The final act is the resurrection of the National Assembly, the parliament of Mr Mobutu's one-party state. It has been merged with the High Council, the residue of the National Conference which nearly overthrew Mr Mobutu. It is this merged, unmanageable mass that the Archbishop is trying to chair.
So far its committees have produced two reports on everything; those from the National Assembly favour Mr Mobutu, those from the High Council favour Mr Tshisekedi. Mr Mobutu has bought off a number of former Tshisekedi allies and created a group of floaters to muddy the waters further. One of the tasks of this parliament is to decide whether Mr Tshisekedi is or is not prime minister, but instead many delegates are going back over fundamental constitutional issues which were discussed and agreed at the National Conference two years ago.

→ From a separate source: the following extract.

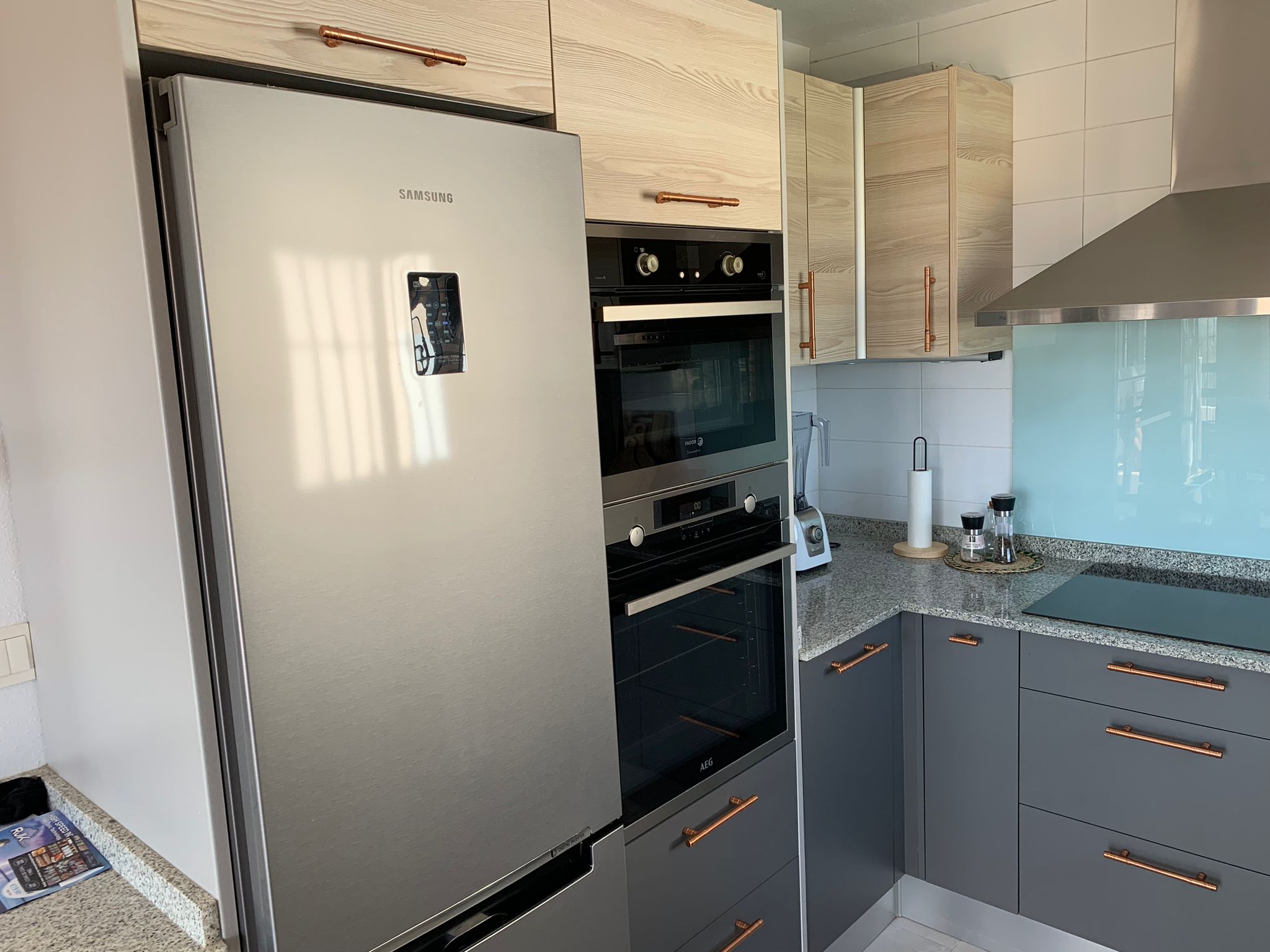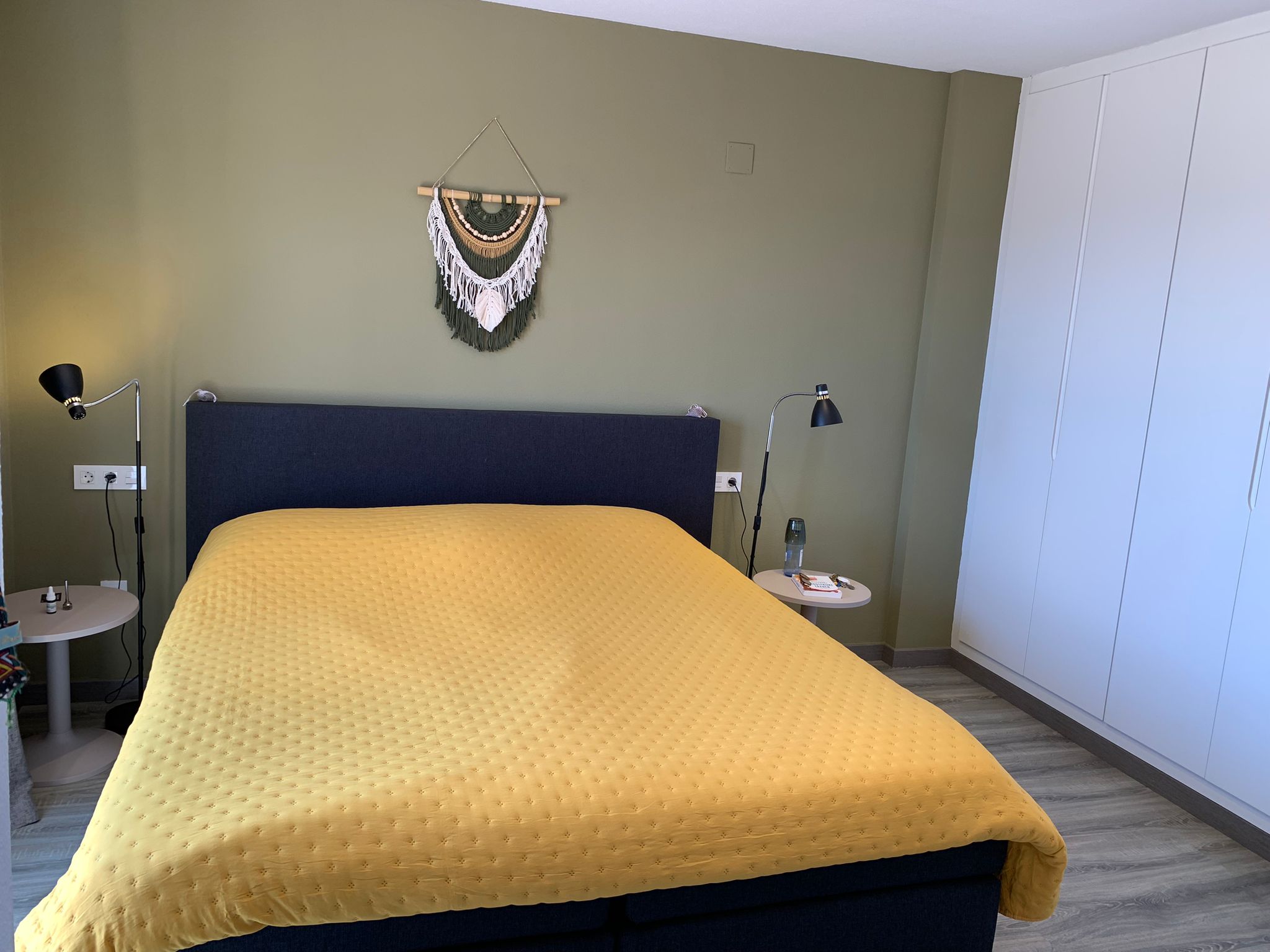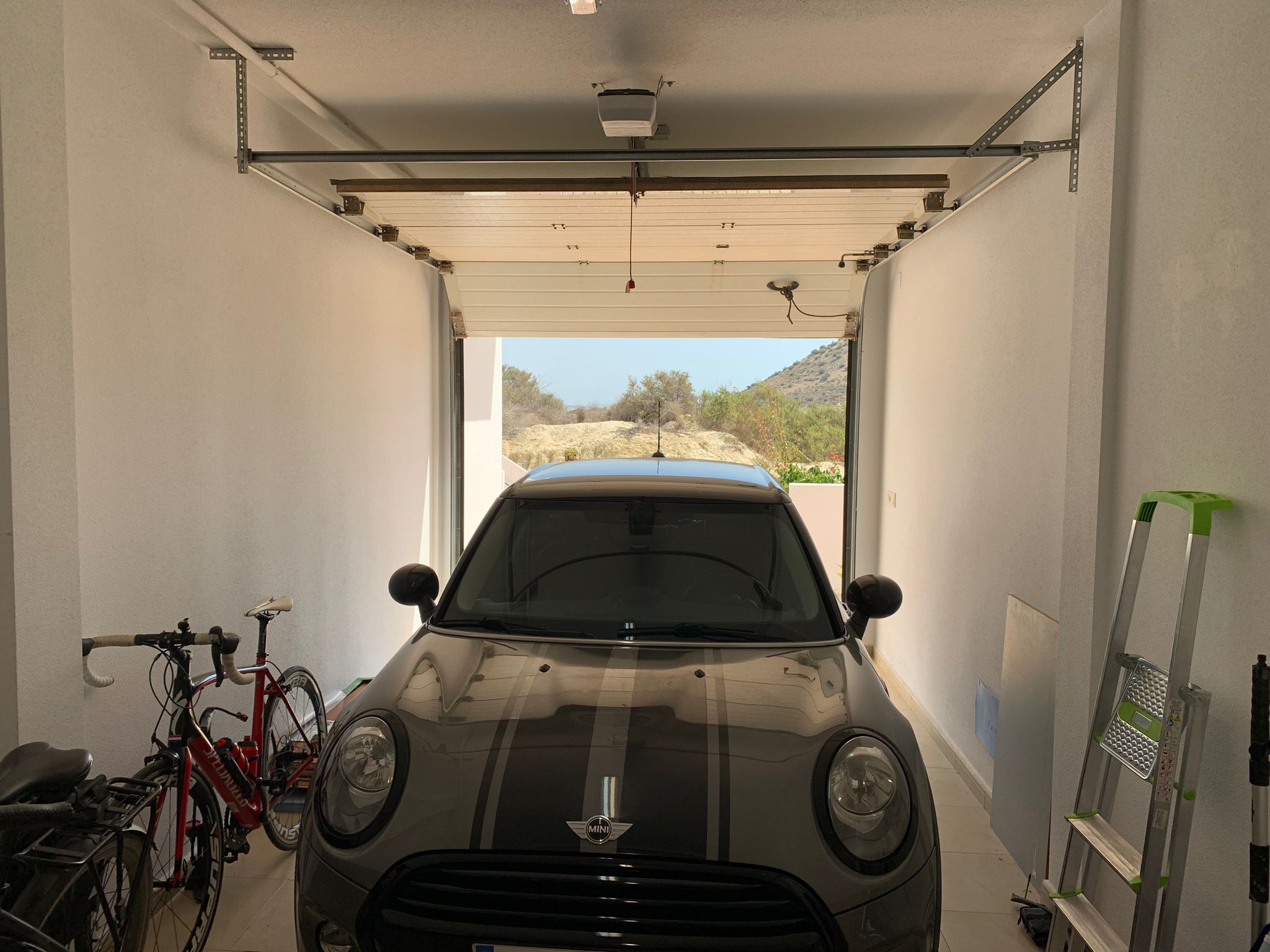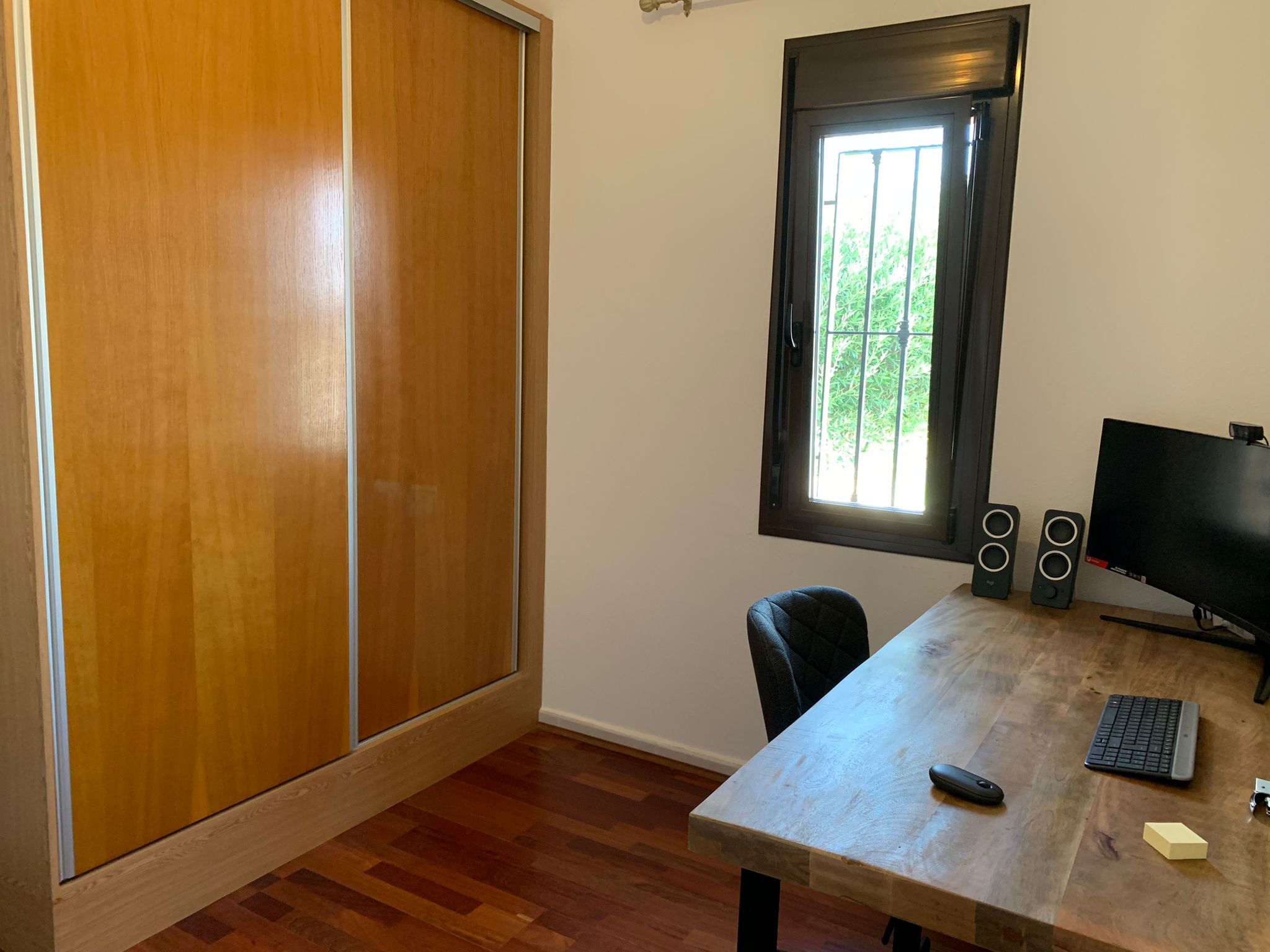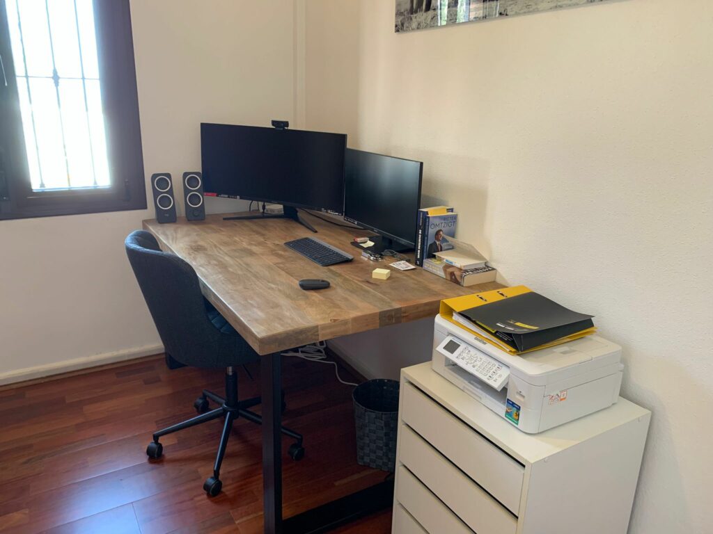 You walk up the bright staircase to the first floor. On the right a bathroom with shower, sink and toilet. Straight ahead is a small bedroom with wardrobe which also gives access to the rear terrace. On the left you enter the spacious living room through a glass door. A very spacious living room by Spanish standards with a dining area and a sitting area by the TV. From the living room you enter the semi-open kitchen with many meters of worktop and all built-in appliances (fridge and freezer; dishwasher and two ovens). The front door is near the living room, but you won’t use it much.

Since they are paid a day rate for attending the conference no one, except the Archbishop, is in a hurry to move on.
Meanwhile the country is falling apart. Shaba, the southernmost province, has declared autonomy; Kasai, whose diamonds earn Zaire's only foreign exchange at present, refuses to use the new currency; and Kivu, the eastern province which produces much of the country's food, is finding better markets in neighbouring countries.
It is hard to see how change will come. Western countries have banned entry to Zaireans connected to the Mobutu government, but France breaks the ban with impunity and there is no attempt to block Mr Mobutu's funds in the United States and Belgium. Aid was cut three years ago and the World Bank has closed its office. Perhaps the prospect of urban starvation might upset Zaire's notorious political passivity. The only other possible source of change is a coup. But then who would be paying for it?